■ AIM OF THE EXERCISE
All pictures are to be omitted while the lines starting at the line with "софт в Пангоды" and ending at the line with "8月12日,财政部、中国人民" in the material below are retyped exactly, both ends included.

■ RAW DATA
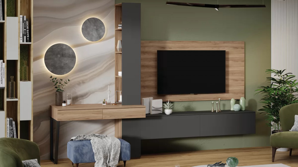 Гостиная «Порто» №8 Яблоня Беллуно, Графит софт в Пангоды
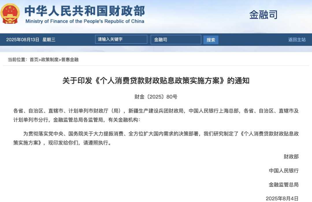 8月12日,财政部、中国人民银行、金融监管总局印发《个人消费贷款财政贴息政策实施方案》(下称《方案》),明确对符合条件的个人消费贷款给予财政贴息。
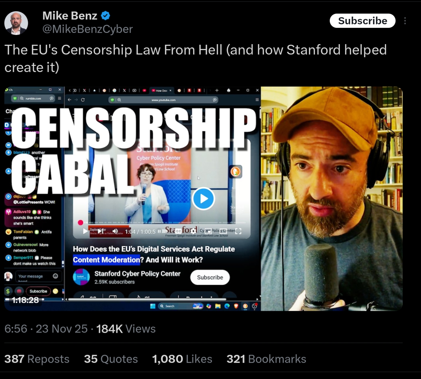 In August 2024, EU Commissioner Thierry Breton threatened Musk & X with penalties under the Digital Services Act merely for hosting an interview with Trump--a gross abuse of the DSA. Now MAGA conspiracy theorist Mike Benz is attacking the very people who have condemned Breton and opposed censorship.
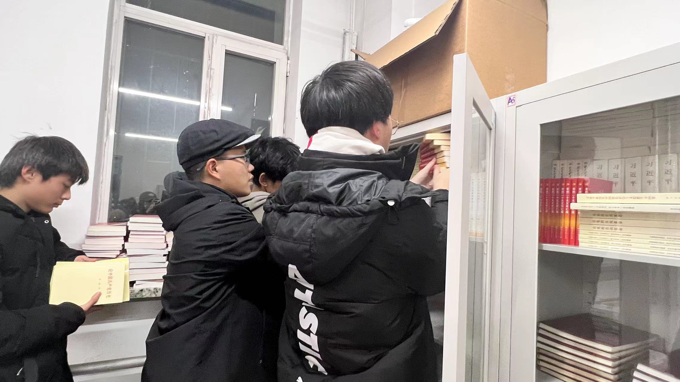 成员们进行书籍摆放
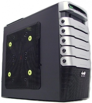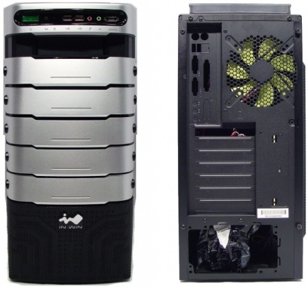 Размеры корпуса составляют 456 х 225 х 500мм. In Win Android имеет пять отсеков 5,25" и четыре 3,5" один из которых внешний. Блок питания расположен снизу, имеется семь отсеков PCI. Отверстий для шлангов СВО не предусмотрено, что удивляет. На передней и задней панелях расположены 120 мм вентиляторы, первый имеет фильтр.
==
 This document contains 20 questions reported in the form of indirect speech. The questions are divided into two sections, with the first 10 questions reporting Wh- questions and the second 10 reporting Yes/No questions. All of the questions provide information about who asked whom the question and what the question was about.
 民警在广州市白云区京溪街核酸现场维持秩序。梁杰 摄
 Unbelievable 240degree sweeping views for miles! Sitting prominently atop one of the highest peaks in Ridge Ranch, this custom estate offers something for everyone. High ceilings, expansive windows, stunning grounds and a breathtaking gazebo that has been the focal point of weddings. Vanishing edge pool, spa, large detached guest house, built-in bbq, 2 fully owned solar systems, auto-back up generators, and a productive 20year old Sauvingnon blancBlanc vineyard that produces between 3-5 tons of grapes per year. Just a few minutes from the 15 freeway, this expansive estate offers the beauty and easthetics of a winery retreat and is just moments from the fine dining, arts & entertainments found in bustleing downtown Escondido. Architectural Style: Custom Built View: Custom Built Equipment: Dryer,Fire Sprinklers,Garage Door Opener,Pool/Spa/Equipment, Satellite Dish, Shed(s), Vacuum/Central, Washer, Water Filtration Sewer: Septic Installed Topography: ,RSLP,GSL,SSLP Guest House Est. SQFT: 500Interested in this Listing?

■ RESULT FOR THIS TASK
 Гостиная «Порто» №8 Яблоня Беллуно, Графит софт в Пангоды
 8月12日,财政部、中国人民银行、金融监管总局印发《个人消费贷款财政贴息政策实施方案》(下称《方案》),明确对符合条件的个人消费贷款给予财政贴息。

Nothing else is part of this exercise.